Learning Journal Exchange (10 min)

• Review another student’s journal

• What would you add to your learning journal after reading another student’s?

• What would you recommend the other student add to their learning journal?

• Sign the Learning Journal review sheet for your peer

Class Activity: Differencing a Time Series (15 min)

Example: McDonald’s Stock Prices

Computing the difference between successive terms of a random walk leads to a discrete white noise series.

\[\begin{align*} x_t &= x_{t-1} + w_t \\ x_t - x_{t-1} &= w_t \end{align*}\]

In many cases, differencing sequential terms of a non-stationary process can lead to a stationary process of differences. We can use the code below to obtain the daily closing stock prices for any publicly-traded company.

# Set symbol and date range
symbol <- "MCD"
company <- "McDonald's"
date_start <- "2020-07-01"
date_end <- "2024-01-01"

# Fetch stock prices (can be used to get new data)
stock_df <- tq_get(symbol, from = date_start, to = date_end, get = "stock.prices")

# Transform data into tsibble
stock_ts <- stock_df %>%
  mutate(
    dates = date, 
    value = adjusted
  ) %>%
  dplyr::select(dates, value) %>%
  as_tibble() %>% 
  arrange(dates) |>
  mutate(diff = value - lag(value)) |>
  as_tsibble(index = dates, key = NULL)

The time plot in Figure 1 presents the closing price of McDonald’s stock from 01/07/2020 to 01/01/2024. Figure 2 gives the differences in the closing prices of the stock as a time series.

plot_ly(stock_ts, x = ~dates, y = ~value, type = 'scatter', mode = 'lines') %>%
  layout(
    xaxis = list(title = paste0("Dates (", format(ymd(date_start), "%d/%m/%Y"), " to ", format(ymd(date_end), "%d/%m/%Y"), ")" ) ),
    yaxis = list(title = "Closing Price (US$)"),
    title = paste0("Time Plot of ", symbol, " Daily Closing Price")
  )

Figure 1: Plot of the daily closing price of the stock

# Generate time series plot using plot_ly
plot_ly(stock_ts, x = ~dates, y = ~diff, type = 'scatter', mode = 'lines') %>%
  layout(
    xaxis = list(title = paste0("Dates (", format(ymd(date_start), "%d/%m/%Y"), " to ", format(ymd(date_end), "%d/%m/%Y"), ")" ) ),
    yaxis = list(title = "Closing Price (US$)"),
    title = paste0("Difference of ", symbol, " Daily Closing Price")
  )

Figure 2: Plot of the stock price differences

Figure 3 is the correlogram for the original McDonald’s stock price time series. Figure 4 gives the correlogram for the differences in successive closing stock prices.
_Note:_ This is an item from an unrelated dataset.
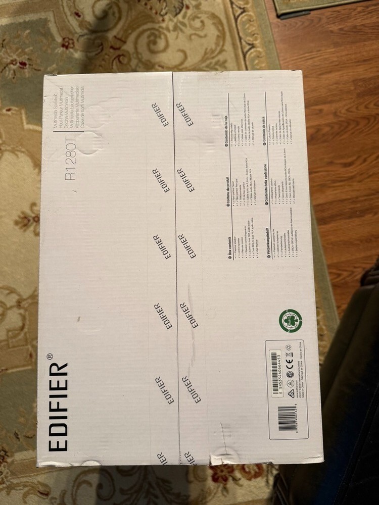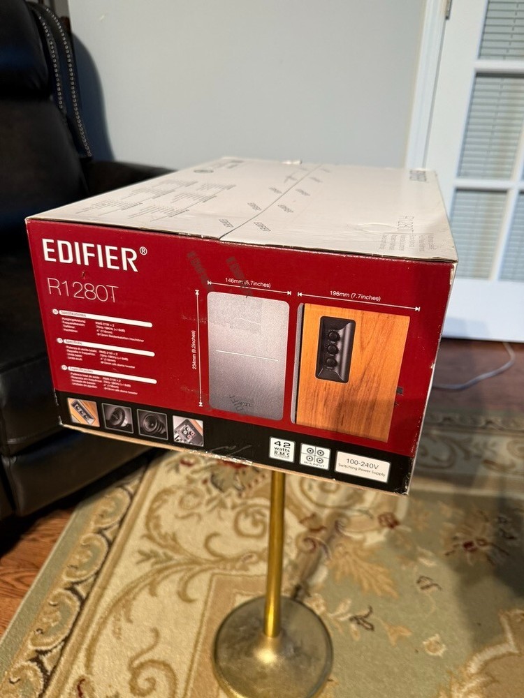 The Edifier R1280T Powered Bookshelf Speakers are a 2-way 2.0 system with a total RMS power of 42W. They are in a brown color, featuring stereo L/R RCA audio inputs for wired connectivity. These speakers are from the brand Edifier and are ideal for home audio setups. Bought for $120. Will sell immediately for $85.

acf(stock_ts$value, plot=TRUE, type = "correlation", lag.max = 25)

Figure 3: Correlogram of the stock prices

acf(stock_ts$diff |> na.omit(), plot=TRUE, type = "correlation", lag.max = 25)

Figure 4: Correlogram of the stock prices

Figure 5 is a histogram of the differences. On the right, we give the variance of the differences in the stock prices. This is a simple measure of the volatility of the stock, or in other words, how much the price changes in a day.

# Histogram of differences in stock prices
stock_ts |>
  mutate(
    density = dnorm(diff, mean(stock_ts$diff, na.rm = TRUE), sd(stock_ts$diff, na.rm = TRUE))
  ) |>
  ggplot(aes(x = diff)) +
    geom_histogram(aes(y = after_stat(density)),
        color = "white", fill = "#56B4E9", binwidth = 1) +
    geom_line(aes(x = diff, y = density)) +
    theme_bw() +
    labs(
      x = "Difference",
      y = "Frequency",
      title = "Histogram of Difference in the Closing Stock Prices"
    ) +
    theme(
      plot.title = element_text(hjust = 0.5)
    )

Figure 5: Histogram of the stock price differences

The variance of the differences is 5.853.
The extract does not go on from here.